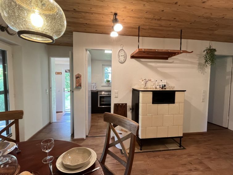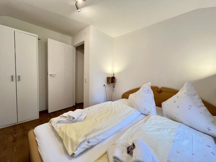 "Rothüsli 16", 3-Zimmer-Haus 60 m2. Renoviert im Jahre 2023, schön und gemütlich eingerichtet: Wohn-/Esszimmer mit Sat-TV (Flachbildschirm), Holzofen. Ausgang zum Garten, zur Terrasse. 1 Doppelzimmer mit 1 Doppelbett (2 x 90 cm, Länge 200 cm). 1 Zimmer mit 2 x 1 Etagenbetten (90 cm, Länge 200 cm). Kleine Küche (Backofen, 4 Glaskeramikplatten, Toaster, Wasserkocher, elektrische Kaffeemaschine). Bad, sep. WC. E-Heizung, Holzheizung. Holzdielenboden. Grosse Terrasse. Terrassenmöbel. Schöne Sicht auf den Garten und den Wald. Zur Verfügung: Fliegengitter, Holz (gratis). Internet (Wireless LAN, gratis). Bitte beachten: Nichtraucher-Haus. Für den Gepäcktransport zum Haus (Fußweg) steht ein Bollerwagen zur Verfügung. Autofreies Feriendorf!
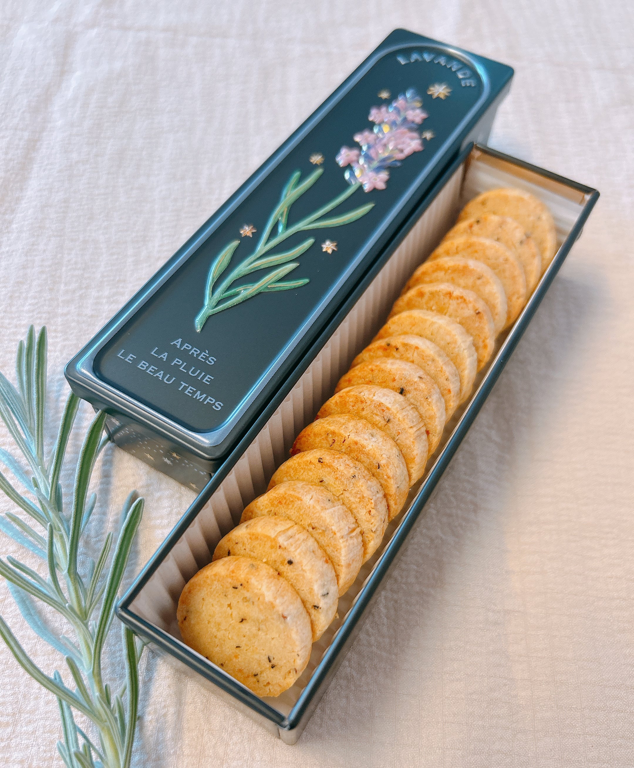 ラベンダーの缶に黒胡椒とチーズのクッキー14枚入りです。
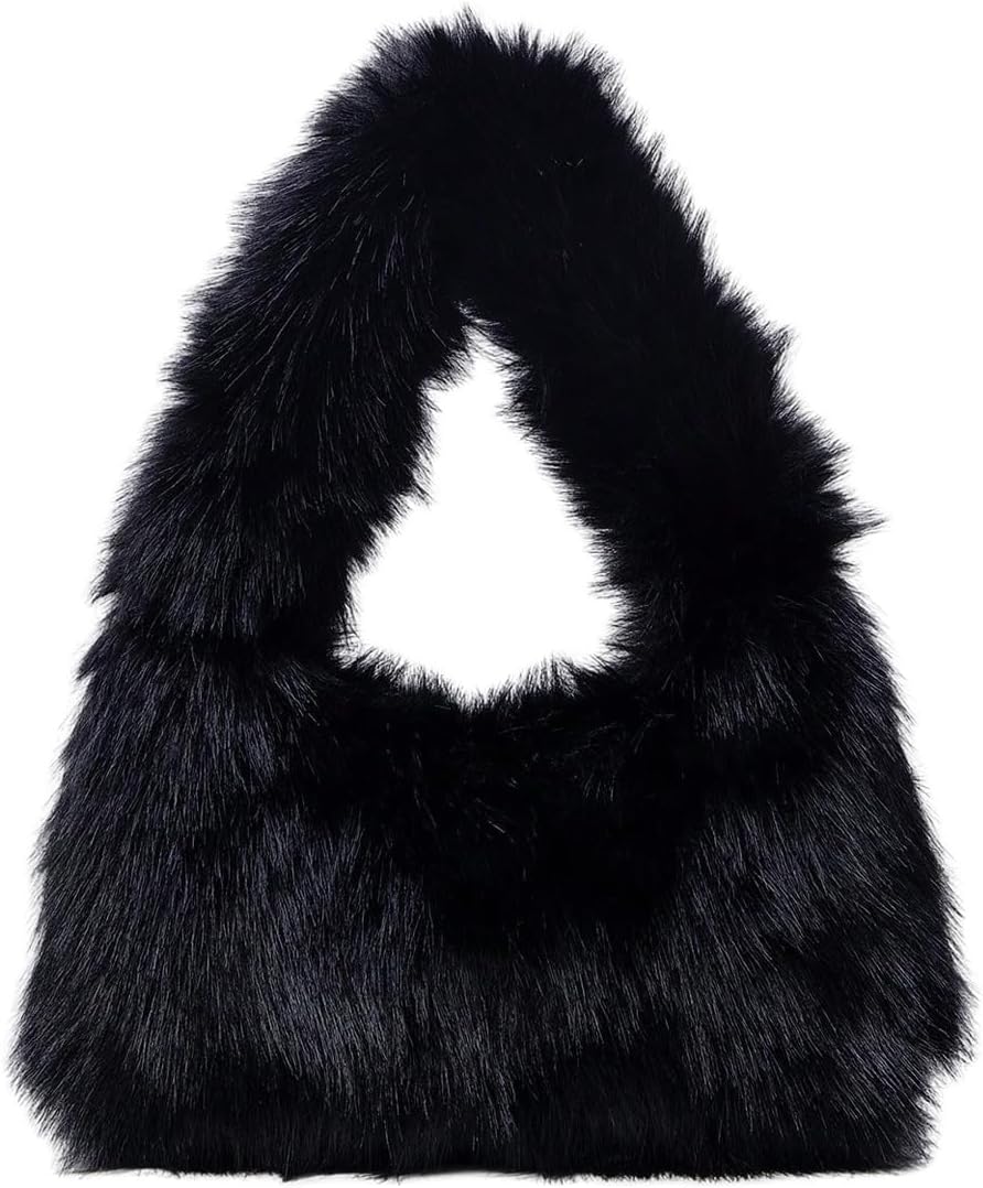 SHENHE Women's Fuzzy Faux Fur Crescent Shoulder Bag Plush Purse Underarm Handbag Hobo Tote

WORK ITEM
Copy out all of the data word for word. Do not carry over any picture.

RESPONSE TO THE EXERCISE
 "Rothüsli 16", 3-Zimmer-Haus 60 m2. Renoviert im Jahre 2023, schön und gemütlich eingerichtet: Wohn-/Esszimmer mit Sat-TV (Flachbildschirm), Holzofen. Ausgang zum Garten, zur Terrasse. 1 Doppelzimmer mit 1 Doppelbett (2 x 90 cm, Länge 200 cm). 1 Zimmer mit 2 x 1 Etagenbetten (90 cm, Länge 200 cm). Kleine Küche (Backofen, 4 Glaskeramikplatten, Toaster, Wasserkocher, elektrische Kaffeemaschine). Bad, sep. WC. E-Heizung, Holzheizung. Holzdielenboden. Grosse Terrasse. Terrassenmöbel. Schöne Sicht auf den Garten und den Wald. Zur Verfügung: Fliegengitter, Holz (gratis). Internet (Wireless LAN, gratis). Bitte beachten: Nichtraucher-Haus. Für den Gepäcktransport zum Haus (Fußweg) steht ein Bollerwagen zur Verfügung. Autofreies Feriendorf!
 ラベンダーの缶に黒胡椒とチーズのクッキー14枚入りです。
 SHENHE Women's Fuzzy Faux Fur Crescent Shoulder Bag Plush Purse Underarm Handbag Hobo Tote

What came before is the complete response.